# Okaloosa island.



## lowprofile (Jan 6, 2013)

went west of the pier. 

swam out to the 2nd bar looking for rays. saw plenty of ladies and a huge school of catfish. water was murky and churned up due to the bigger surf. strong rip going west between the first and second sand bar. No weeds in close though. 

got out past the 2nd bar and it dropped down to about 8ft where i found a nice weed line. speared a 25lb ray and fought it, the waves and the rip current back to shore. my calves were starting to feel like they were going to cramp up so once i made it in i didn't try for another. 
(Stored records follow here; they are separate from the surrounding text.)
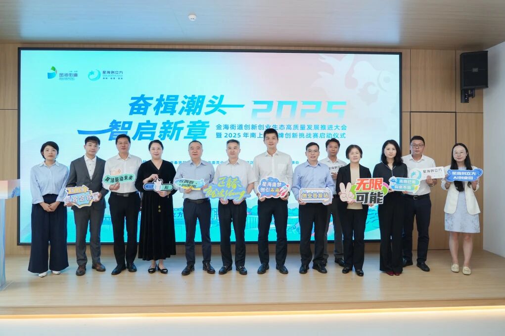 金秋十月,创新潮涌。2025年10月16日,“奋楫潮头 智启新章”金海街道创新创业生态高质量发展推进大会暨2025年南上海品牌创新挑战赛启动仪式在充满活力的星海创立方AI创业园成功举办。活动汇聚了奉贤区相关委办局、浙江大学上海校友会、高校创业指导站、创业专家、生态伙伴及企业家代表等,共同见证金海街道创新生态的迭代升级,展望南上海科创发展的崭新未来。
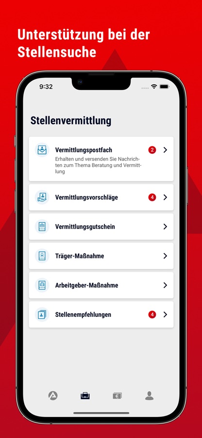 Sie behalten an einer Stelle die Übersicht über Ihre anstehenden Termine, neuen Nachrichten, Vermittlungsvorschläge, Anträge und vieles mehr (auch via Push-Nachricht).
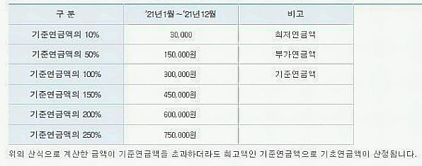 - 국민연금액에 따른 기초연금액 = 기준연금액의 250%-국민연금액 등
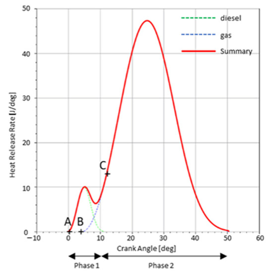 For this reason, the separation of the phases isa crucial step in this proposed model. At the end of this step, the model determines the auto-ignition delay of the injected diesel quantity and the ignition delay of the air–gas mixture (points A and B, respectively (Figure 2)) and the laws that control the HRR in each phase.

didn't see any pompano, although they are probably running the wash right now feeding on sand crabs. no spanish or king activity in close, which is weird i usually see a bunch of smaller spanish. no real signs of baitfish either., but it was a bit rough and i was more concentrated on breaking waves and looking for sting ray heads poking out of the sand. the weed line out past the 2nd bar is too thick for comfort and running shark baits still isn't happening. I'll try Destin on friday.


----------



## MoganMan (Feb 24, 2013)

Thanks for the report, and good luck on Friday! Hope you get to put your new shark slayer to the test! And now I am glad I am not the only person fishing for sharks with an okuma!


----------



## foreverfishing (Nov 30, 2012)

thanks for the update.


----------



## Tom044 (Mar 20, 2013)

8 feet deep seems like there could be lots of fish.when I was young and a life guard in south jersey the life guards would work out every other day and swim out a couple miles on calm days.we had life preservers on but would always see plenty of fish and it was so much fun.some days we had 25 guys all swimming together.
You spearing that big ray wow that's cool.thanks for report trying all next week surf fishing and might hit the pier also.My brother is flying in from jersey and want to get on some fish.
Let me know how you do in destin Friday.
Thanks again. Tom


----------



## lowprofile (Jan 6, 2013)

Tom044 said:


> 8 feet deep seems like there could be lots of fish.when I was young and a life guard in south jersey the life guards would work out every other day and swim out a couple miles on calm days.we had life preservers on but would always see plenty of fish and it was so much fun.some days we had 25 guys all swimming together.
> You spearing that big ray wow that's cool.thanks for report trying all next week surf fishing and might hit the pier also.My brother is flying in from jersey and want to get on some fish.
> Let me know how you do in destin Friday.
> Thanks again. Tom


biggest i've speared so far was 35-40lbs and honestly a lot easier to get in than this one with the current and all. lol.

I'm going to try to get out tomorrow afternoon to spear a couple more in destin and check the weeds. probably fish saturday.


----------